Roberto – Ele é obsessivo, é uma marca dele. Ele fala lá atrás no filme que sua capacidade de trabalho é maior que o talento. Por exemplo, antes ele não cantava bem. Era um puta compositor, de uma puta banda... Era como o Chico Buarque, que tem um estilo e tal. Mas hoje em dia ele canta melhor, ele pratica um pouco mais do que ele praticava.

ÉPOCA – Talvez ele preste mais atenção agora. Ele mesmo disse que nunca tinha prestado atenção à plateia de tão ativo que era no palco...
Roberto – É, ele não parava quieto.

ÉPOCA – De modo geral, como você vê o Herbert hoje em relação ao passado? Qual as diferenças?

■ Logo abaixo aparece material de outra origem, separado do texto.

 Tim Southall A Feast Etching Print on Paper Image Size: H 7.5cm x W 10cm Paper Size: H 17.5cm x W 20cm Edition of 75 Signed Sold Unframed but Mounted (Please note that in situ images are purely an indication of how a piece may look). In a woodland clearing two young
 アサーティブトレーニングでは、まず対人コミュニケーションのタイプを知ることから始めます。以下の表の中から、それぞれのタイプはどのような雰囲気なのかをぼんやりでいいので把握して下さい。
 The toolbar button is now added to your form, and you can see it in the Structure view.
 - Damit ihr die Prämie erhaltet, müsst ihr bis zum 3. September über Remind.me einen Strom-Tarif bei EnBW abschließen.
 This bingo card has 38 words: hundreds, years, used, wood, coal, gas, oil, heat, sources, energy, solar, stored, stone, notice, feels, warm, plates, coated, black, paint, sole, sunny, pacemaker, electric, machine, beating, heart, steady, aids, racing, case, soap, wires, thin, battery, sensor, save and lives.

Roberto – As diferenças são grandes, não só dele, mas de todo mundo que está em volta, até fãs. Porque esse acidente foi emblemático. Vários amigos, e amigos de amigos, começaram a repensar um pouco a maneira como viviam, com uma responsabilidade maior. Ele ganhou um monte de coisas e perdeu um monte de coisas. O Herbert é mais aberto hoje em dia, talvez, mais direto do coração. Acho que ele perdeu um pouco da proteção que ele tinha. Hoje em dia ele vai mais de coração aberto. É outro Herbert. Ele perdeu um pedaço da memória. Dizem, no documentário, que antigamente ele não gostava (da expressão) "fazer amor" (em letra de música), e agora ele usa. Está mais próximo de ele ser ele mesmo. O Herbert tinha uma censura maior, pensava... e agora ele vai de coração aberto. E após o acidente ele não sabia quem era, o tamanho que ele tinha. E teve a noção do personagem que era de uma maneira mais distanciada. Ele começou a ser ele e ficar um pouco mais em casa, com as crianças, e ter o personagem Herbert.

ÉPOCA – Viver as duas coisas de uma maneira mais saudável?

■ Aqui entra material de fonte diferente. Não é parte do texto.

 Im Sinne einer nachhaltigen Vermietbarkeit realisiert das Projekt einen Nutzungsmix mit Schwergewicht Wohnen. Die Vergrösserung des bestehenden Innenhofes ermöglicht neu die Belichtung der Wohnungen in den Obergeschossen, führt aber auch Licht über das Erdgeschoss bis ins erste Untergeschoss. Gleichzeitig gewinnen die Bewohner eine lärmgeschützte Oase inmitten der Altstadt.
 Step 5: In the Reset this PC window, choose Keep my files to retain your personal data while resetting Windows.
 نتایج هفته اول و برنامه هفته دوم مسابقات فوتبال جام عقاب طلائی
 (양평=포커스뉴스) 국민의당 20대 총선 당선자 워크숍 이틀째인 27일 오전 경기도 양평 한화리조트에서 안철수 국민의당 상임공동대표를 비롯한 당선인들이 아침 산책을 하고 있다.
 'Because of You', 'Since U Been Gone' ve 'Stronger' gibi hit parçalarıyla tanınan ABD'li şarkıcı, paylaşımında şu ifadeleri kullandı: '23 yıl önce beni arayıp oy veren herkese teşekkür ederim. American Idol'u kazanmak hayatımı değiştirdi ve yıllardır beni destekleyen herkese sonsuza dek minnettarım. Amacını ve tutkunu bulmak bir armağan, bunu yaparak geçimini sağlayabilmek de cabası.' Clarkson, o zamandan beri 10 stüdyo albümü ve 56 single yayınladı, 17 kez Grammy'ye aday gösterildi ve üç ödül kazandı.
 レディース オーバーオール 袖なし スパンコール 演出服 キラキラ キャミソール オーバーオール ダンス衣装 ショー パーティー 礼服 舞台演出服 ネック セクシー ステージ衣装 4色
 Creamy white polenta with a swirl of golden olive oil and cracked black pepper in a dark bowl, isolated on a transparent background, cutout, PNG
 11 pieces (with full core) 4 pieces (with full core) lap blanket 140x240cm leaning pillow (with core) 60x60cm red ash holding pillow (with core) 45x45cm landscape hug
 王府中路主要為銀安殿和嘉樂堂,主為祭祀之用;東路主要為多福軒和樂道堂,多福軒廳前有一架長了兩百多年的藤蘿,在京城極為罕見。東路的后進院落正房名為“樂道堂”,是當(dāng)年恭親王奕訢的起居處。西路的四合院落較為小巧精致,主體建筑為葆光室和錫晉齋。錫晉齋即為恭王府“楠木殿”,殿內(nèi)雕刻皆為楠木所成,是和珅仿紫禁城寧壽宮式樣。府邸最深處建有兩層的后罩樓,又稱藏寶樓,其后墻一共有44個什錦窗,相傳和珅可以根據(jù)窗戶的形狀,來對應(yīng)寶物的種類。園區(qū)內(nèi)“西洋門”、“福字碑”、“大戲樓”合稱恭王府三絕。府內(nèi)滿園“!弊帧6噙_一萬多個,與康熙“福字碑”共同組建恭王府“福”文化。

Roberto – Exatamente, se preservando mais.

ÉPOCA – E, você, Pedro, como foi trabalhar com um ídolo da infância e adolescência?

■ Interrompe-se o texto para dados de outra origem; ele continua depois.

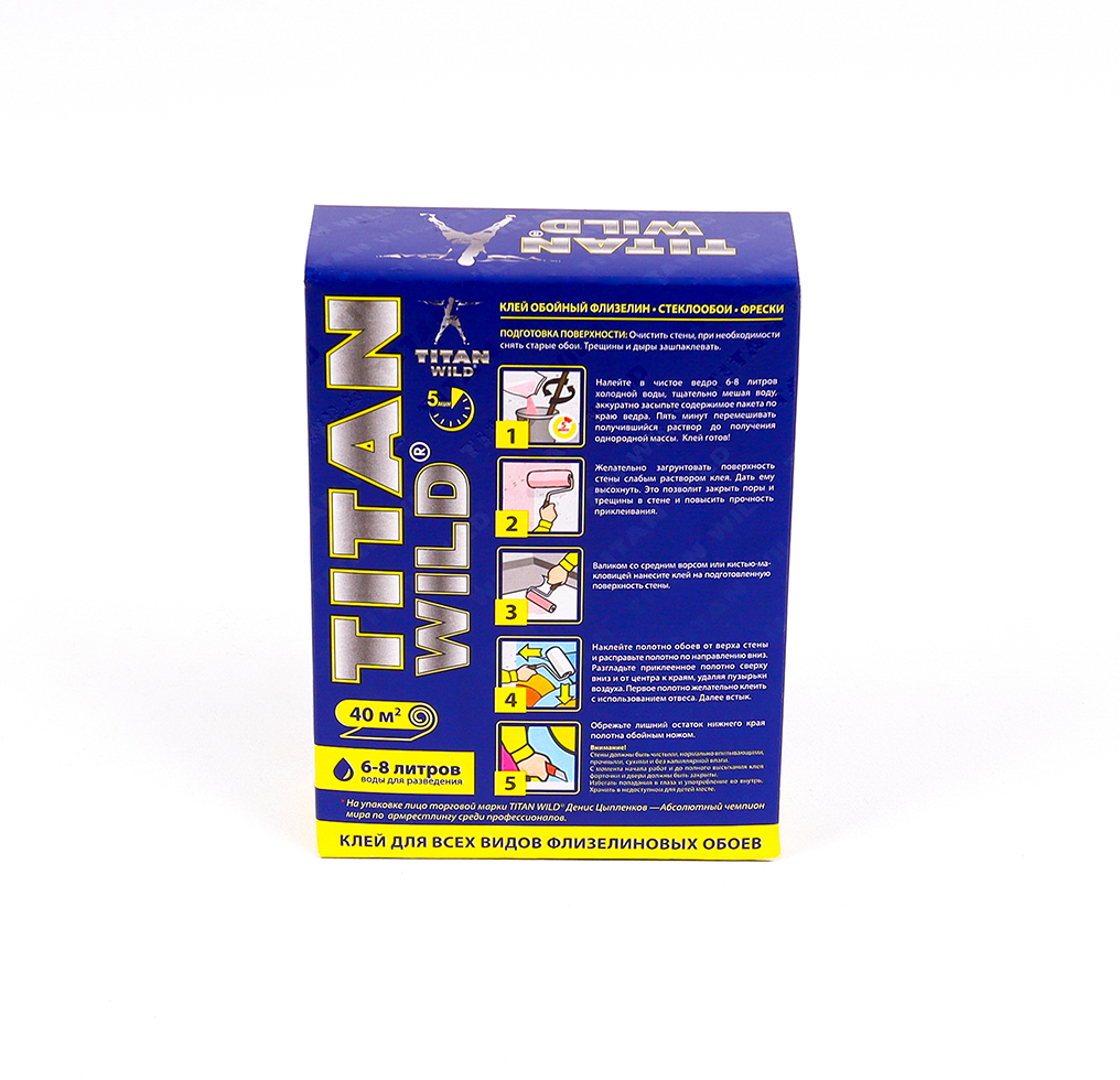 Наклеивайте на стену в очерёдности указанной на этикетке. Приложите фрагмент к стене и аккуратно разгладьте, выровняв и отцентрировав полотно по разметке. Для разглаживания рекомендуется использовать прижимной резиновый валик для обоев. Остатки клея удалите влажной тканью, излишки полотна срежьте острым ножом по линейке. Не допускается использование металлических и пластиковых шпателей! Следующий фрагмент наклейте встык. Аккуратно разгладьте стыки полотен без сильного нажима и трения, чтобы не повредить края.Клей Titan Wild обойный флизелиновый 350 гр - Характеристики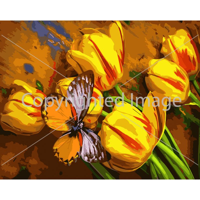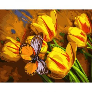 Набір для розпису по номерах Жовті тюльпани з метеликом Strateg розміром 40х50 см (GS1019)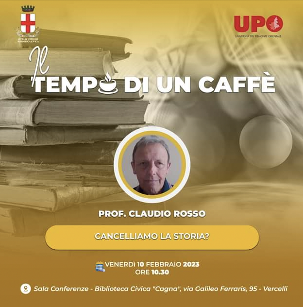 Nella mattinata di venerdì 10 febbraio, presso la sala conferenze della Biblioteca Civica di Vercelli, si è svolta una conferenza tenuta da Claudio Rosso, professore associato di Metodologia della ricerca storica presso l’Università del Piemonte Orientale (UPO) di Vercelli, intitolata: “Cancelliamo la storia?”, parte di una serie di appuntamenti settimanali, organizzati dal Comune di Vercelli in collaborazione con il prof. Filippo Fassina, chiamati Il Tempo Di Un Caffè, a cui ha partecipato la 1°A (ex IV ginnasio) del Liceo Classico Lagrangia, accompagnata dalla prof.ssa Marta Boccalini.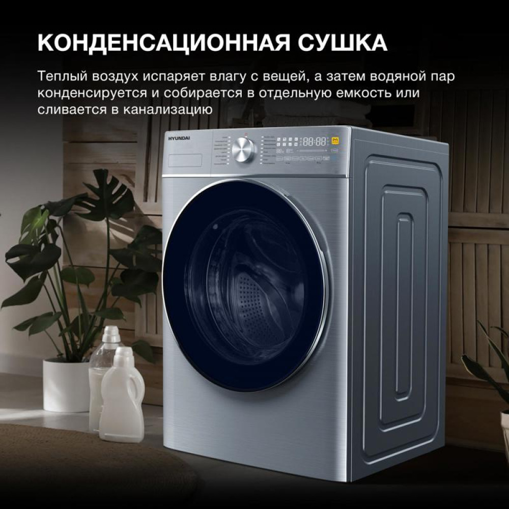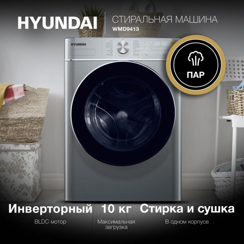 Стиральная машина Hyundai WMD9413 класс: B загр.фронтальная макс.:10кг (с сушкой) темно-серебристый инвертер

Pedro – Foi incrível, foi uma descoberta de um grande ser humano. Foi muito legal, sem querer adjetivar, mas foi muito enriquecedor para mim, para a minha história como pessoa. Descobrir também a incrível musicalidade que eu não sabia que ele tinha. Ele é um grande compositor e tem uma relação tão visceral que você percebe que nada é à toa. Tantas músicas boas, tanta coisa que ele produziu. E ver como a obstinação e um foco e a força, a força de viver. E isso está não só depois do acidente, como na década de 90, está nas primeiras imagens e nos primeiros depoimentos, está impregnado em todo lugar, e no material bruto. E ainda mais na edição final. Isso também foi uma grande descoberta. Eu fui, eu deixei e voltei a ser fã de novo. Voltei a acompanhar os seus trabalhos.